Fairy Tales Op. 20 No.1
Fairy Tales Op. 20 No.2
Steven Osborne (piano)
Sonata-Ballade in F sharp major Op. 27
Konstantin Lifschitz (piano)
Mikolajus CIURLIONIS (1875-1911)

Three Preludes Op. 20
Jean Dubé (piano)
William BAINES (1899-1922)

The Lone Wreck
Goodnight to Flamboro’
Nicholas Walker (piano)
Karol SZYMANOWSKI (1882-1937)

Mazurka Op. 62 No.2
Maurice RAVEL (1875-1937)

Prelude in A minor
Max REGER (1873-1916)

Marsch der Stiftsdamen
Kolja Lessing (piano)
Sergei PROKOFIEV (1891-1953)

From Ten Pieces Op. 12, Nos 1, 2 and 5
Enrico Pace (piano)
Heitor VILLA-LOBOS (1887-1959)

O Polichinello (Punch)
Alexander SCRIABIN (1872-1915)

Etude in C sharp minor Op. 2 No.1
Marc-André Hamelin (piano)
Camille SAINT-SAËNS (1835-1921)

Mon Coeur s’ouvre à ta voix – arr Meinders
Thomas "Fats" WALLER (1904-1943)

Ain’t Misbehavin’ arr Meinders
Frédéric Meinders (piano)
Ignaz FRIEDMAN (1882-1948)

Five Waltzes (for piano four hands)
Yaara Tal and Andreas Groethuysen (pianos)
Recorded live in August 2002
DANACORD DACOCD 609 [78.21]


AVAILABILITY

www.danacord.dk

The annual summer piano festival in Schloss vor Husum explores a wide-ranging repertoire, but specialises in more out of the way fare and makes a point of encouraging transcriptions. The festivals are now well documented on disc and the latest is no exception in its exploration of intriguing corners of the repertoire and an admixture of established twentieth century literature. The virtues of such concert programming can be, on disc, somewhat less attractive if only for the abrupt and contrasting juxtapositions that invariably follow. Such a limitation exists here I think for all the otherwise fine playing.
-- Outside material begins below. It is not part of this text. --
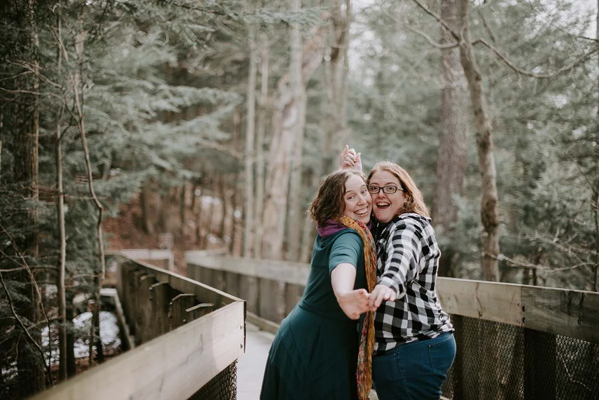 Ang: We went ice skating outdoors in February 2017 at our favourite rink. I feigned sore feet and asked to sit down for a while off to the side of the skating trail through the woods. Emily was getting super impatient so I said I had something important to talk about, then pulled out the ring box and said "Will you marry me?" Emily laughed and tilted her head at me. Confused, I asked "What?" and she said "I thought we'd planned on doing that anyway." I said I wanted to formalise it. She replied, "yes, duh" and immediately put the ring on the wrong hand.

For those who fancy such a programme however there are a number of things to catch the ear. Steven Osborne’s Medtner is very attractive though significantly less tonally combustible than was the composer himself in his traversals of these pieces for HMV. Where Medtner opened Op. 20/1 with such noble etching and explored sometimes dramatic elasticity of line and depth of sonority Osborne is very much more equable, his dynamics flatter and are less pronounced. His passagework is clean and clear, his projection less emotionally vital, with very much less sense of collapse at the end. Similarly whilst Medtner mines a grotesque malignity in No.2 of the set, with massive etching and wide tonal extremes, Osborne prefers a more breezy linearity, though he lacks nothing in the powerful climaxes. Konstantin Lifschitz takes on the heroic Sonata-Ballade in a recording that seems a mite more recessed and less immediate than that accorded Osborne. This still doesn’t damage one’s appreciation of his passionate unfolding of Medtner’s soundscape or the intense and singular introspection that lies at its blazing heart.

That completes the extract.